SOURCE INFORMATION:

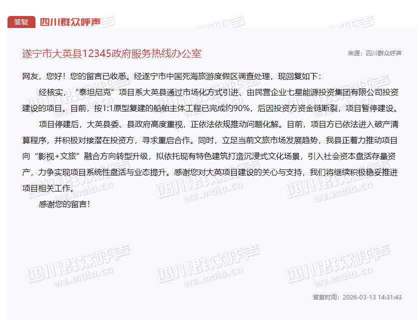 2025年5月,大皖新闻曾报道四川遂宁死海旅游度假区复刻“泰坦尼克号”项目烂尾一事。近日,该项目在停工多年后传来最新进展。2026年3月11日,有市民通过官方平台询问该项目是否还有复工可能,对此,当地政府回应称,项目投资方已依法进入破产清算程序,并计划推动项目向“影视+文旅”方向转型升级,以引入社会资本盘活这一“烂尾”资产。3月18日,投资人苏绍俊再次向大皖新闻记者回应此事并表态“会建起来的。”
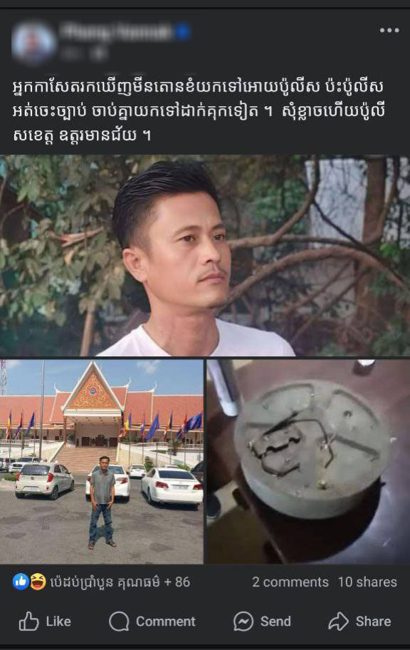 ដើម្បីកុំឲ្យមានការភាន់ច្រឡំ ស្នងការដ្ឋាននគរបាលខេត្ត បានធ្វើការបំភ្លឺជូនថា នៅថ្ងៃទី៦ ខែកុម្ភៈ ឆ្នាំ២០២៥ នៅចំណុចភូមិអូរស្មាច់ សង្កាត់អូរស្មាច់ ក្រុងសំរោង មានករណីលួចយកមីនតោនពីតំបន់ស ដែលអាជ្ញាធរទំនាក់ទំនងព្រំដែនប្រទេសទាំងពីរ កម្ពុជា-ថៃ ចាត់ទុកជាតំបន់ហាមឃាត់ បង្កឡើងដោយជនសង្ស័យចំនួន២នាក់ គឺឈ្មោះ ទឺ ពិទូ អាយុ៤៥ឆ្នាំ មុខរបរអ្នកសារព័ត៌មាន មានទីលំនៅភូមិចំការ ចេក សង្កាត់អូរស្មាច់ ក្រុងសំរោង និងឈ្មោះ ពែក ពុយ អាយុ៤៤ឆ្នាំ មានទីលំនៅភូមិគិរីមង្គល សង្កាត់អូរស្មាច់ ក្រុងសំរោង ខេត្តឧត្តរមានជ័យ។
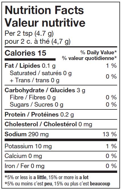 Amidon de maïs, Sel minéral, Farine de maïs, Légumes déshydratés (oignons, tomates), Sucres (maltodextrin, sucre de canne, solides de glucose), Extrait de levure, Huile de canola, Colorant (caramel), Arôme naturel, FInes herbes, Acide citrique, Extrait d'épices.
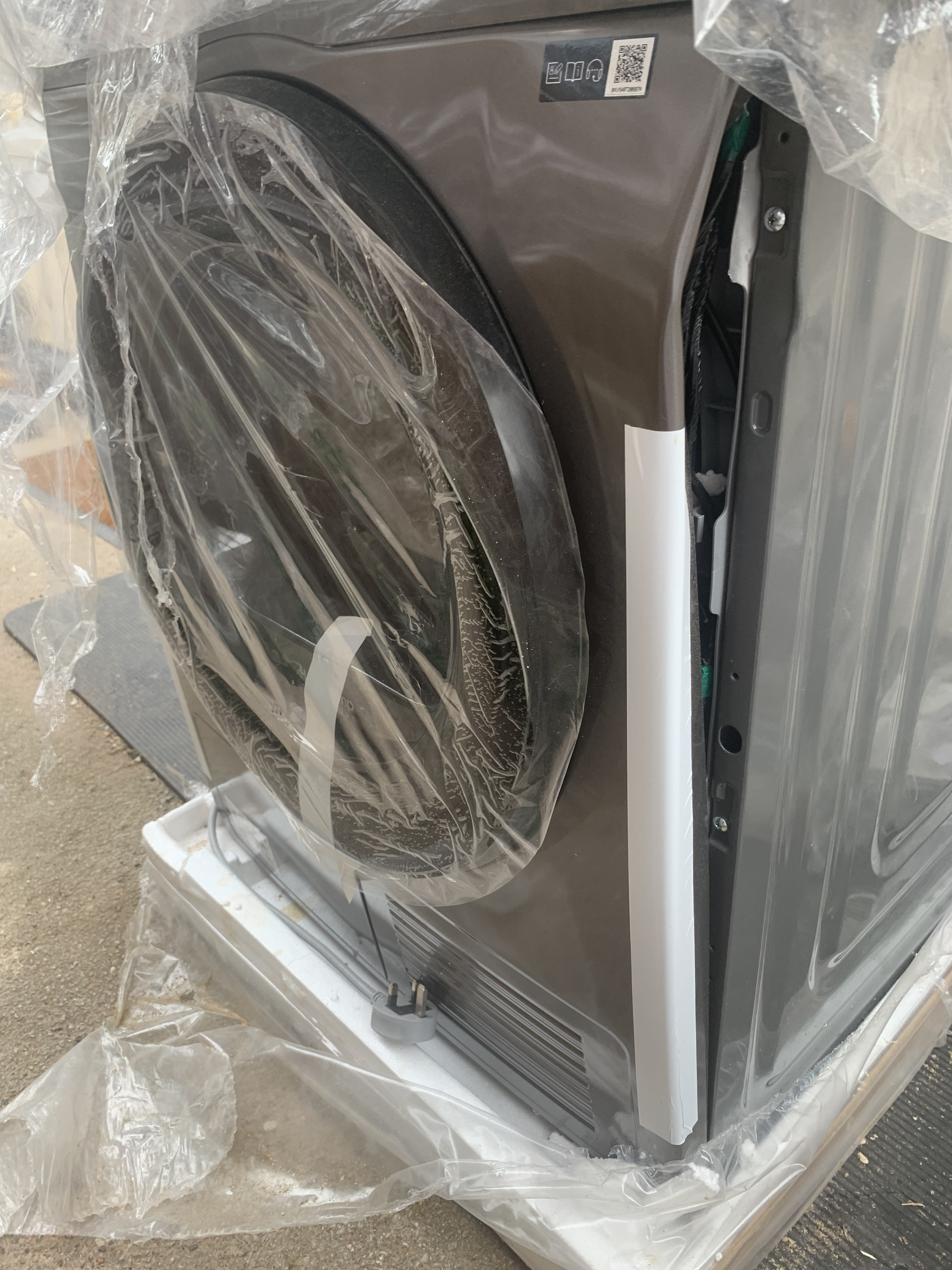 The utility was fitted last week and on opening the packaging the front fascia of the tumble drier is hanging off. It looks like it’s been driven into by a forklift.
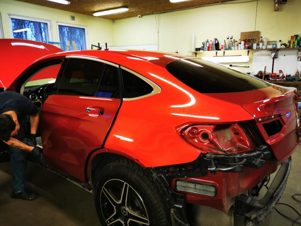 Kogu kere kaeti Diamond Red tooni vinüülkilega, mis annab autole sügava ja erksa punase viimistluse ning toob kerejooned selgelt esile. Visuaali täiendamiseks värvisime tehase mustjas-hallid struktuursed plastikdetailid läikiva musta värviga, et need sobituksid paremini uue kerevärviga ning looksid puhtama ja kontrastsema üldmulje. Lisaks kiletasime ka kõik klaasid toonkilega, mis lisab autole privaatsust, parandab päikesekaitset ja toetab sportlikumat välimust.
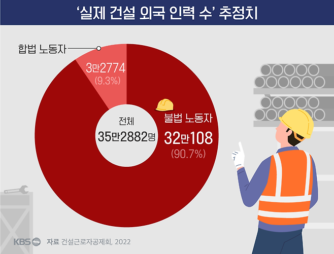 건설근로자공제회가 지난해 말 발간한 <건설근로자 수급실태 및 훈련수요 조사>에 따르면 지난해 '실제 외국인력'은 35만여 명이었는데 그 중 합법적으로 조달된 인력은 3만 2천여 명에 불과하고 나머지 32만여 명이 '불법 노동자'라고 추산했습니다. 무려 90.7%에 달하는 규모입니다. 그 전 해인 2021년(27만 9,022명·88.2%)보다도 늘었습니다.

WHAT IS REQUIRED: Please return the records as they stand, word for word, with no pictures.

EXPECTED ANSWER:
 2025年5月,大皖新闻曾报道四川遂宁死海旅游度假区复刻“泰坦尼克号”项目烂尾一事。近日,该项目在停工多年后传来最新进展。2026年3月11日,有市民通过官方平台询问该项目是否还有复工可能,对此,当地政府回应称,项目投资方已依法进入破产清算程序,并计划推动项目向“影视+文旅”方向转型升级,以引入社会资本盘活这一“烂尾”资产。3月18日,投资人苏绍俊再次向大皖新闻记者回应此事并表态“会建起来的。”
 ដើម្បីកុំឲ្យមានការភាន់ច្រឡំ ស្នងការដ្ឋាននគរបាលខេត្ត បានធ្វើការបំភ្លឺជូនថា នៅថ្ងៃទី៦ ខែកុម្ភៈ ឆ្នាំ២០២៥ នៅចំណុចភូមិអូរស្មាច់ សង្កាត់អូរស្មាច់ ក្រុងសំរោង មានករណីលួចយកមីនតោនពីតំបន់ស ដែលអាជ្ញាធរទំនាក់ទំនងព្រំដែនប្រទេសទាំងពីរ កម្ពុជា-ថៃ ចាត់ទុកជាតំបន់ហាមឃាត់ បង្កឡើងដោយជនសង្ស័យចំនួន២នាក់ គឺឈ្មោះ ទឺ ពិទូ អាយុ៤៥ឆ្នាំ មុខរបរអ្នកសារព័ត៌មាន មានទីលំនៅភូមិចំការ ចេក សង្កាត់អូរស្មាច់ ក្រុងសំរោង និងឈ្មោះ ពែក ពុយ អាយុ៤៤ឆ្នាំ មានទីលំនៅភូមិគិរីមង្គល សង្កាត់អូរស្មាច់ ក្រុងសំរោង ខេត្តឧត្តរមានជ័យ។
 Amidon de maïs, Sel minéral, Farine de maïs, Légumes déshydratés (oignons, tomates), Sucres (maltodextrin, sucre de canne, solides de glucose), Extrait de levure, Huile de canola, Colorant (caramel), Arôme naturel, FInes herbes, Acide citrique, Extrait d'épices.
 The utility was fitted last week and on opening the packaging the front fascia of the tumble drier is hanging off. It looks like it’s been driven into by a forklift.
 Kogu kere kaeti Diamond Red tooni vinüülkilega, mis annab autole sügava ja erksa punase viimistluse ning toob kerejooned selgelt esile. Visuaali täiendamiseks värvisime tehase mustjas-hallid struktuursed plastikdetailid läikiva musta värviga, et need sobituksid paremini uue kerevärviga ning looksid puhtama ja kontrastsema üldmulje. Lisaks kiletasime ka kõik klaasid toonkilega, mis lisab autole privaatsust, parandab päikesekaitset ja toetab sportlikumat välimust.
 건설근로자공제회가 지난해 말 발간한 <건설근로자 수급실태 및 훈련수요 조사>에 따르면 지난해 '실제 외국인력'은 35만여 명이었는데 그 중 합법적으로 조달된 인력은 3만 2천여 명에 불과하고 나머지 32만여 명이 '불법 노동자'라고 추산했습니다. 무려 90.7%에 달하는 규모입니다. 그 전 해인 2021년(27만 9,022명·88.2%)보다도 늘었습니다.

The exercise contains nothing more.